The preceding description is exemplary rather than limiting in nature. Variations and modifications to the disclosed examples may become apparent to those skilled in the art that do not necessarily depart from the essence of this disclosure. The scope of legal protection given to this disclosure can only be determined by studying the following claims.

Claims

1. An apparatus for use with segments of an adjustable duct in an aircraft said apparatus comprising:

a spring,

a seal having a first holding member and having a first shaped body, and

a seal carrier having a second holding member and a second shaped body such that one of said first shaped body or said second shaped body fits within the other of said first shaped body or said second shaped to maintain a sealing relationship therebetween, and wherein the spring is maintained by said first holding member and said second holding member such that said spring urges said seal along said seal carrier.

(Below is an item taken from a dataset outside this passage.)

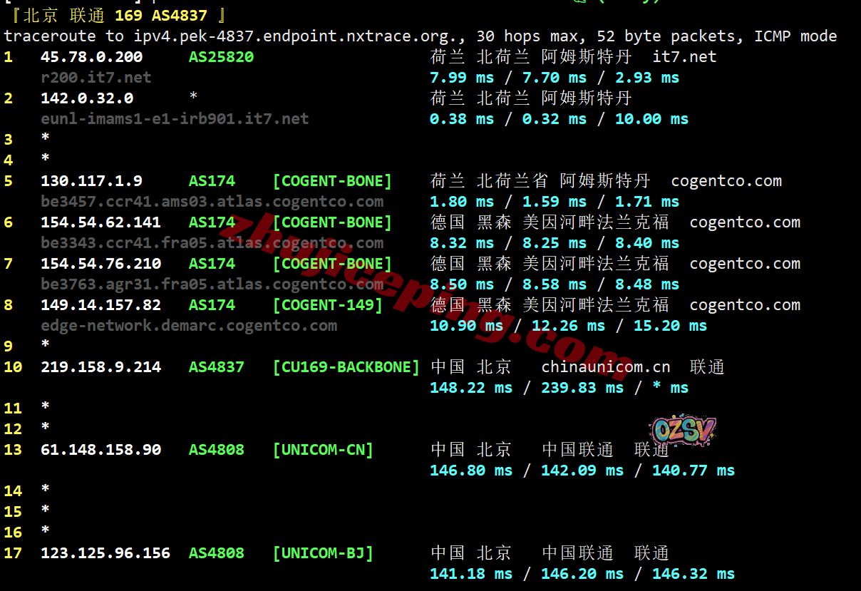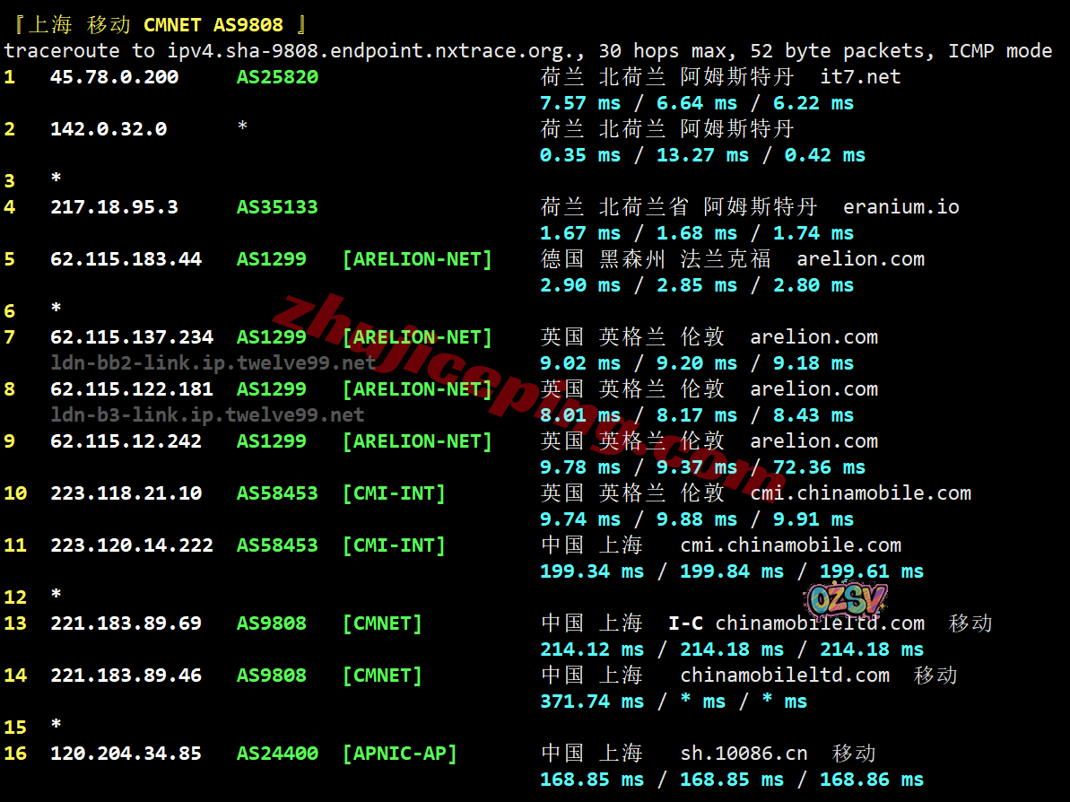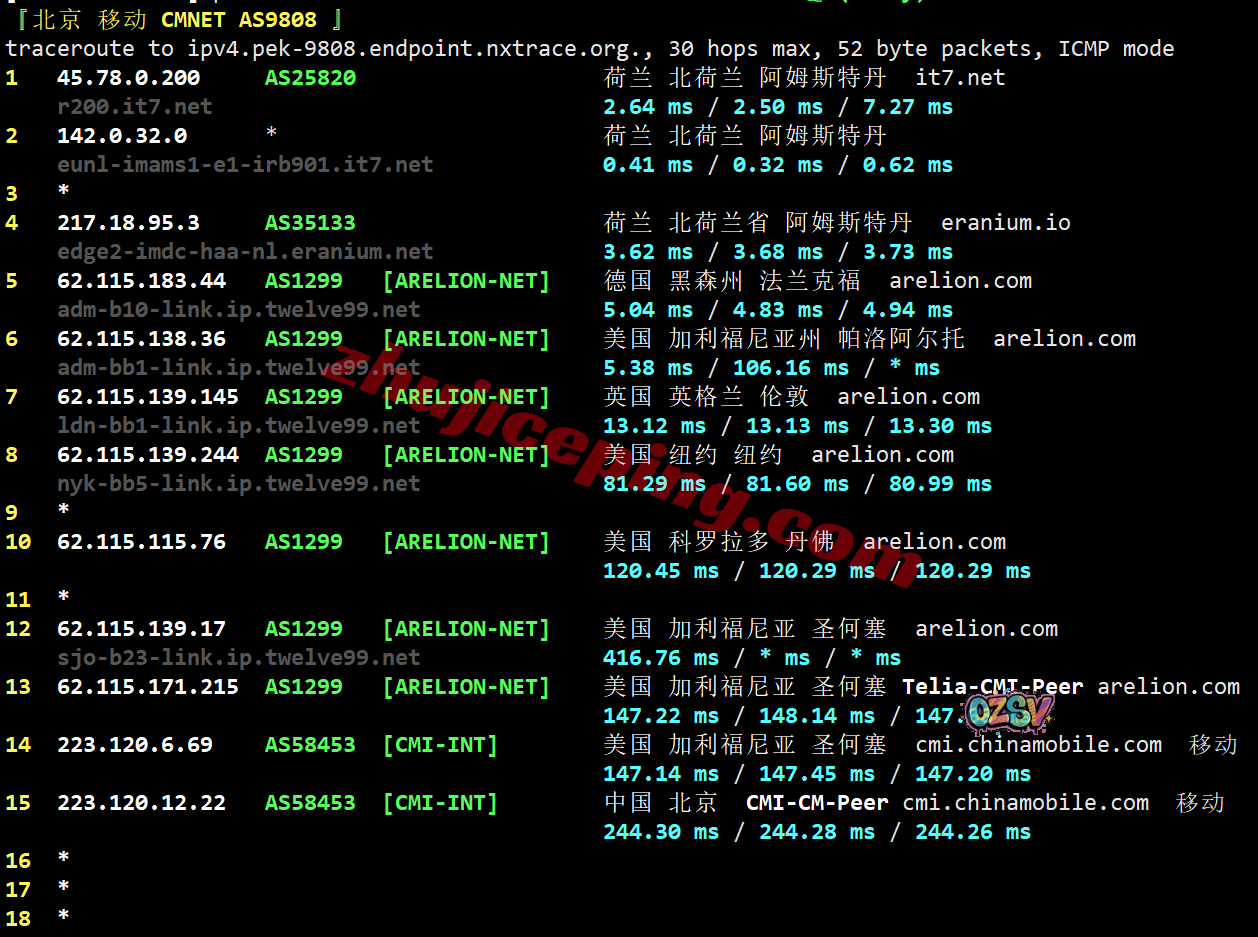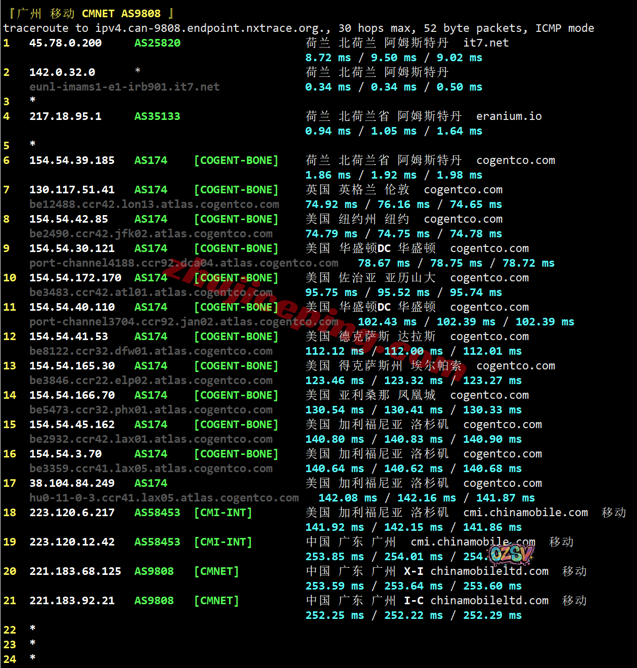 移动去程:直连移动英国伦敦节点,然后后街cogent去荷兰

2. The seal of claim 1 wherein said seal further comprises:

a land portion extending therefrom and adapted for cooperating with a duct to create a seal therebetween.

3. The seal of claim 1 wherein said first shaped body is outboard of said second shaped body.

4. The seal of claim 1 wherein said spring is a wave spring.

5. The seal of claim 1 wherein such that pressure in said duct urges one of said spring carrier or said seal into an other of said spring carrier or said seal.

6. A duct having a plurality of sections, said duct comprising:

a spring,

a seal having a first holding member and having a first shaped body, and

a seal carrier having a second holding member and a second shaped body such that one of said first shaped body or said second shaped body fits within the other of said first shaped body or said second shaped to maintain a sealing relationship therebetween, and wherein said spring is maintained by said first holding member and said second holding member such that said spring urges said seal along said seal carrier towards an adjacent section.

7. The duct of claim 6 wherein said seal further comprises:

a land portion extending therefrom for cooperating with an adjoining section to create a sealing relationship therebetween.

8. The duct of claim 6 wherein said first shaped body is outboard of said second shaped body.

9. The duct of claim 6 wherein said seal carrier is fixedly attached to a section and said seal is urged by said spring into contact with an adjoining section to create a sealing relationship therebetween.

10. The duct of claim 9 wherein said seal carrier is fixedly attached to said section by means of an extension protruding outwardly from said section.

11. The duct of claim 10 wherein said extension is disposed at an obtuse angle relative to an outer surface of said section.

12. The duct of claim 9 wherein said adjoining section has a land surface for cooperating with said seal to create a sealing relationship therewith, said land surface being disposed at an angle relative to an outer surface of said adjoining section.

13. The duct of claim 12 wherein an extension is disposed at an obtuse angle relative to an outer surface of said section.

14. The duct of claim 6 wherein said spring is a wave spring.

15. The duct of claim 6 wherein pressure in said duct urges one of said spring carrier or said seal into an other of said spring carrier or said seal.